12.20.2010

Baked French Toast Casserole

I am a big fan of overnight casseroles for Christmas morning breakfast. I shared our overnight Sausage Breakfast Casserole last year. That is the recipe I've made for about 4 Christmas mornings now for my family. I love that I mix it up the night before, throw it in the fridge, then pop it in the oven while we open gifts and its ready to eat when we are! I got my sausage ready for it yesterday! Recently, though, I've been experimenting with a few overnight Baked French Toast casseroles. So I thought I'd share so you have another idea option--not just for Christmas, but anytime! As with a lot of my recipes, they are pretty forgiving and can totally handle variations and such depending on what you have available or what your tastes are! I'll share a few ideas at the bottom. This recipe is kind of a bunch of mixing and matching from a couple different recipes and things we just thought we'd like better.


Baked French Toast Casserole
1 loaf crusty French Bread
8 eggs
2 cups whole milk
1/2 cup whipping cream (you could sub evaporated milk, half and half, or maybe even regular milk)
1/2 cup sugar
3 tsp vanilla

Crumble Topping: 
1/2 cup flour
1/2 cup sugar
1 tsp cinnamon
1/3 cup butter


Grease a 9x13 pan. Cut bread into large cubes and evenly distribute in the pan. Mix together eggs, milk, cream, sugar, and vanilla. Pour evenly over bread.


Stir around a bit to make sure and coat all the bread. Cover tightly and store in the fridge several hours or overnight. In a separate bowl, mix together flour, sugar, and cinnamon for topping. Cut in butter until uniform--will be coarse. Store in the fridge until needed.


When you're ready to bake the casserole, preheat the oven to 350F (180C). Remove casserole from fridge and sprinkle crumble topping over it.

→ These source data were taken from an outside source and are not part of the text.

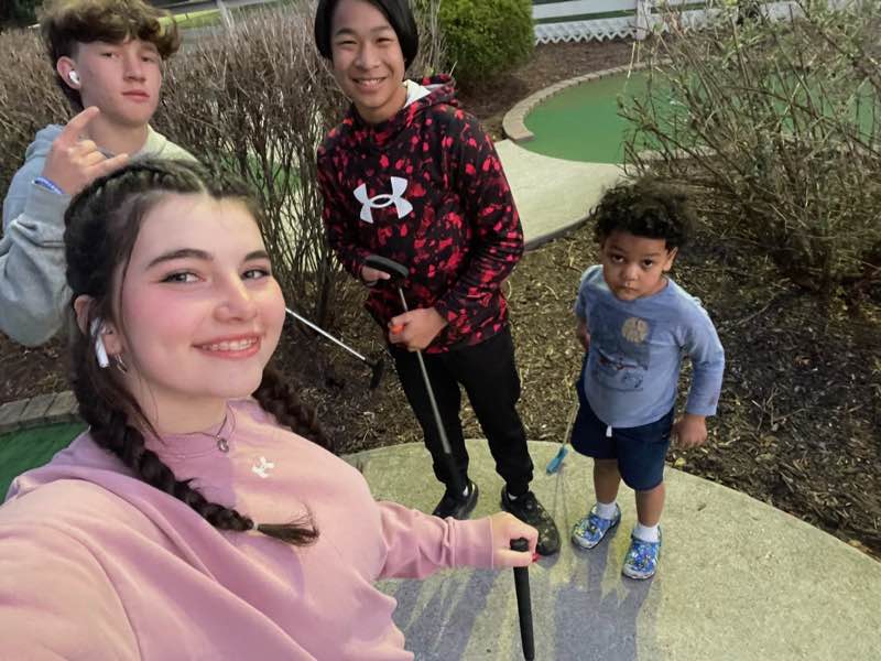 Sunday – colonial Williamsburg learned all about different jobs and trades. Watched a cannon go KABOOM! 🤯. gorged on delectable pasties. Departed for food, ate mid burgers. Played miniature golf with a smaller child called lil man later returning him to his mother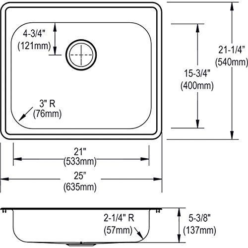 Dayton GE125213 Single Bowl Top Mount Stainless Steel Sink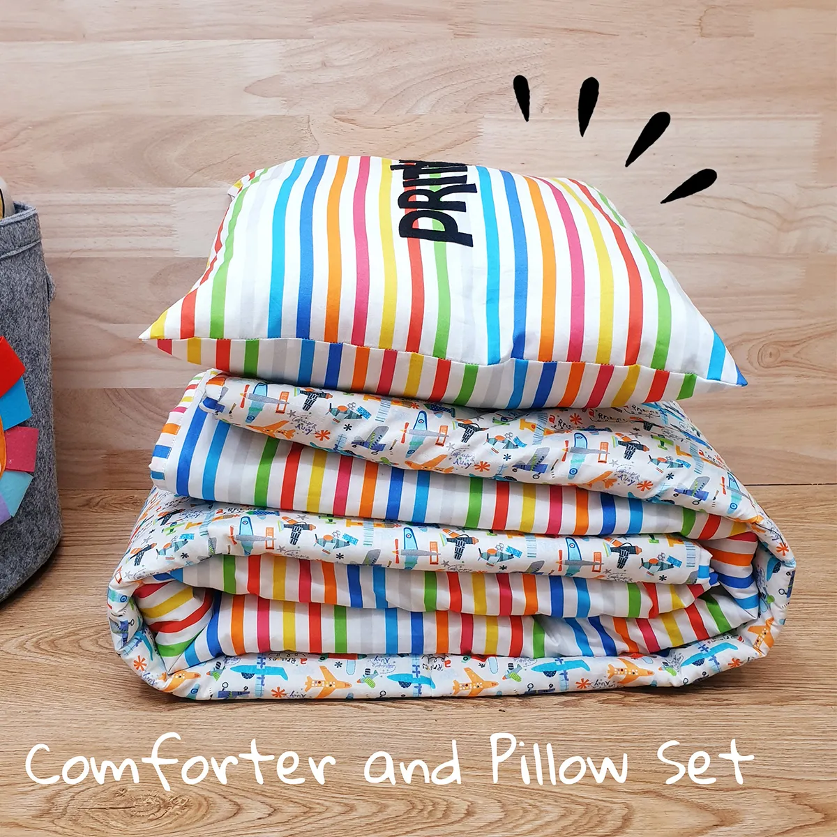 To complete the look, we also offer an adorable Pillow Doll, as well as a matching cushion for extra comfort. With a comforter, you can make sure your kids stay snug and comfortable all night long.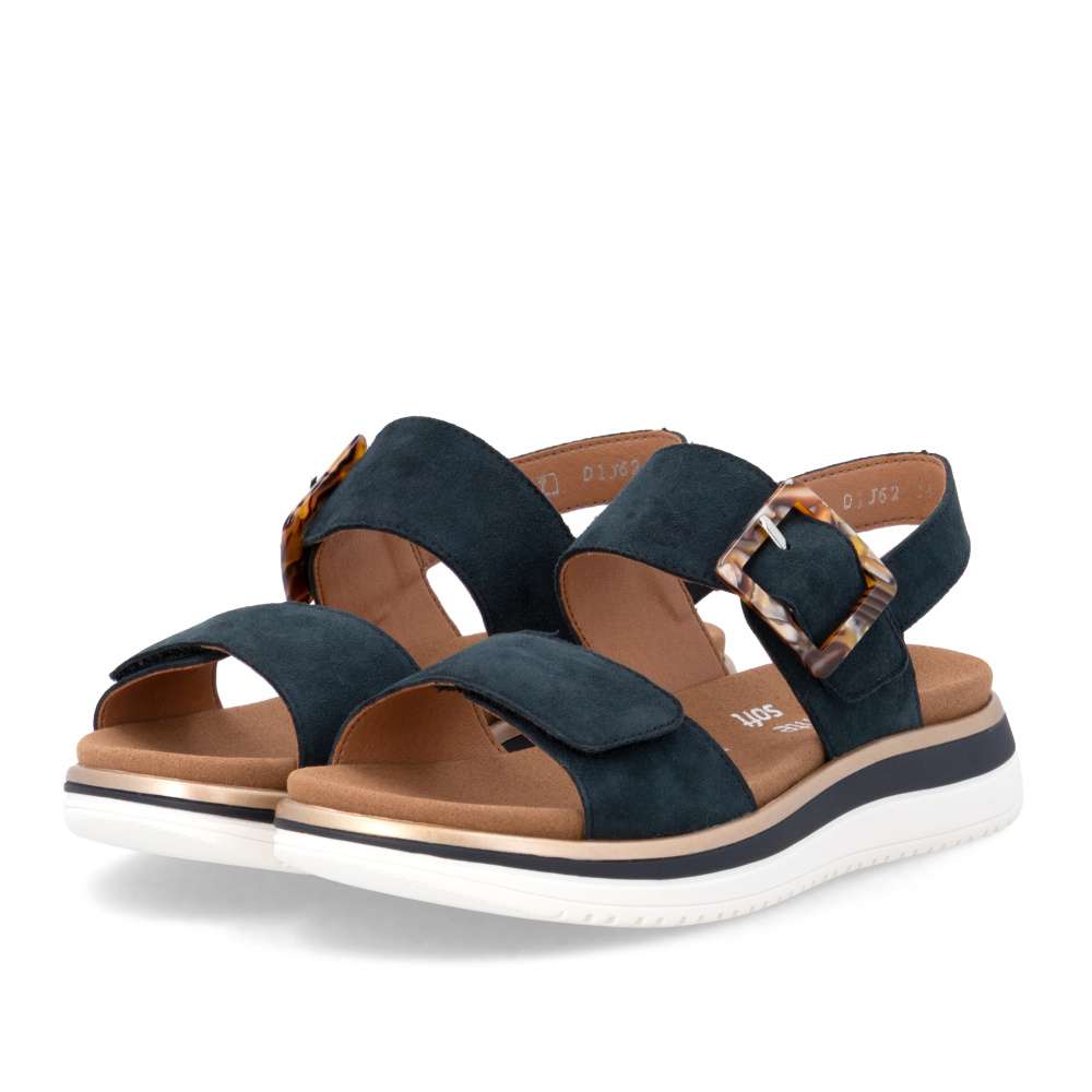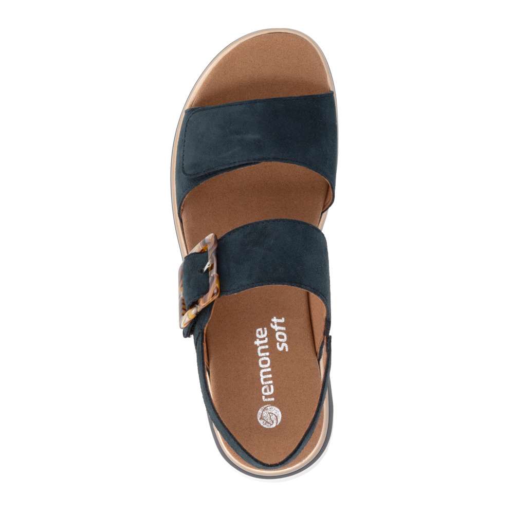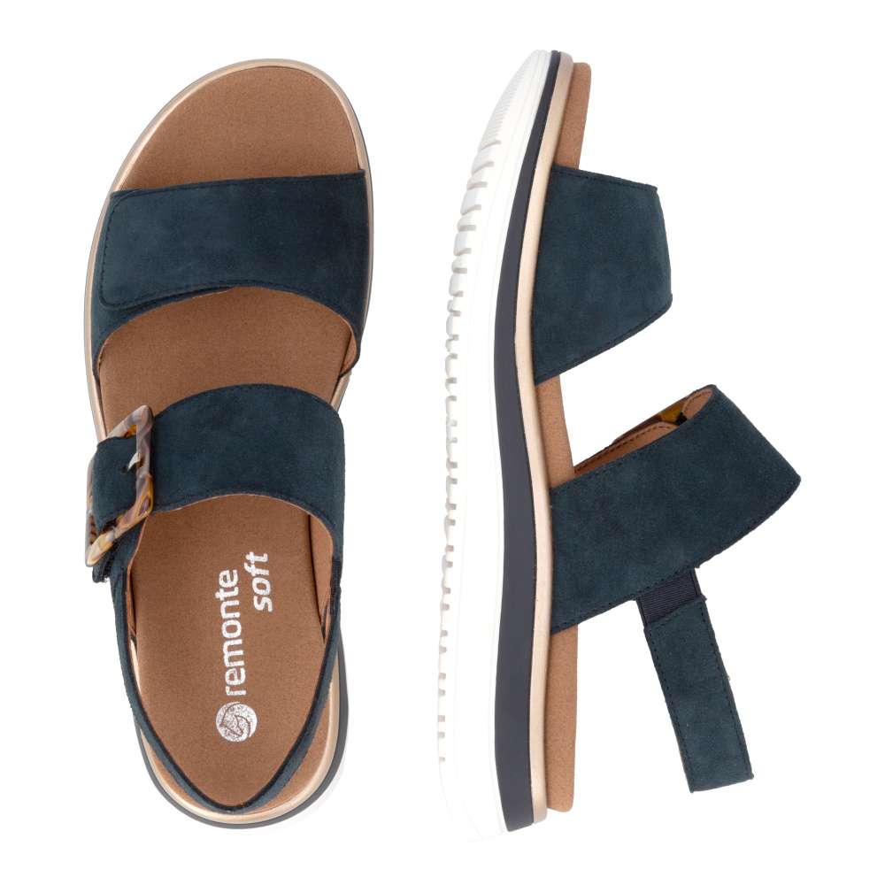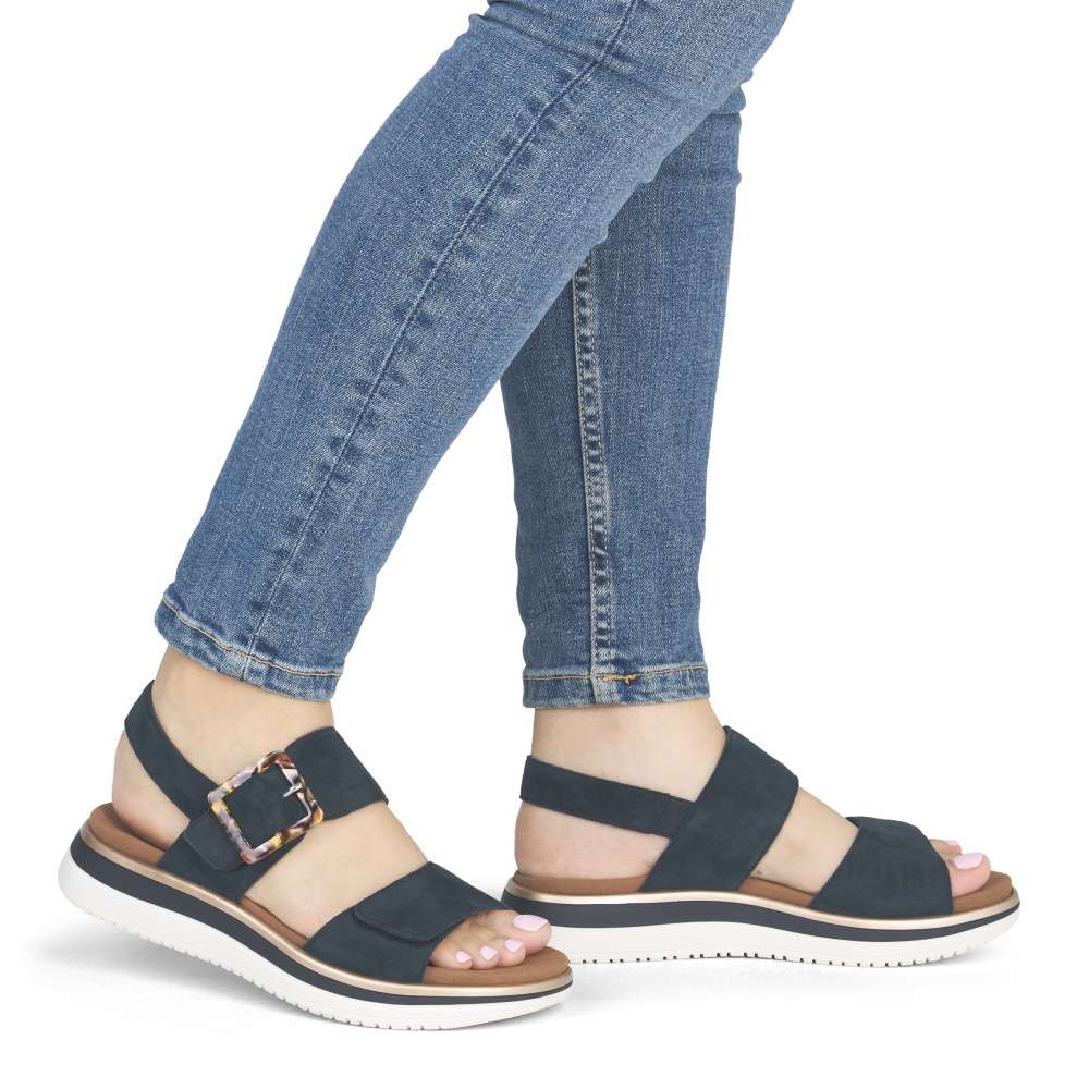 Obuv REMONTE představuje prémiovou řadu značky RIEKER, která se vyznačuje vysokou kvalitou použitých materiálů a precizním zpracováním. Tyto sandály RIEKER zaujmou již na první pohled svým stylovým designem a následně poskytovaným výjimečným komfortem, který oceníte při každém kroku. Tmavě modrý kožený svršek působí elegantně a nadčasově, díky čemuž sandály snadno zkombinujete s různými letními outfity. Jedinečným detailem, který okamžitě upoutá pozornost, je výrazná spona na pásku u kotníku, která dodává obuvi osobitý charakter. Oba pásky jsou vybaveny praktickým suchým zipem, který umožňuje rychlé a pohodlné obouvání, a zároveň zajišťuje optimální přizpůsobení noze. Díky tomu se sandály příjemně přizpůsobí tvaru chodidla a nabídnou maximální pohodlí při celodenním nošení. Vyjímatelná textilní stélka poskytuje nejen komfort při každém došlapu, ale také mimořádnou praktičnost. Možnost snadného vyjmutí a očištění zajišťuje, že obuv zůstává svěží, hygienická a připravená k dalšímu nošení – což oceníte zejména v horkých letních dnech. Vyšší podešev s atraktivním, moderním designem dodává sandálům stabilitu a příjemné tlumení, přičemž esteticky zvýrazňuje jejich elegantní vzhled. Tyto sandály RIEKER představují dokonale vyváženou kombinaci esteticky přitažlivého designu, promyšlených praktických detailů a vysoké úrovně pohodlí. Jsou ideální volbou pro každodenní nošení, volnočasové aktivity io něco elegantnější příležitosti, kde se chcete cítit stylově a zároveň pohodlně.

Bake for 45 minutes to 1 hour (this depends if you want a softer or firmer texture). Can serve with syrup for drizzling over top, but it is plenty sweet without it, too! This recipe easily halves to make an 8x8 pan (as seen in my pictures!).

Variation Ideas (I've tried all of them!):

  • Substitute brown sugar for regular in the crumble topping.
  • Substitute maple syrup or honey (1/4 cup) for the sugar in the egg mixture. 
  • Consider leaving off the crumb topping and serving with fresh fruit and maple syrup.
  • Cube 8 oz of cream cheese and mix in with the bread cubes.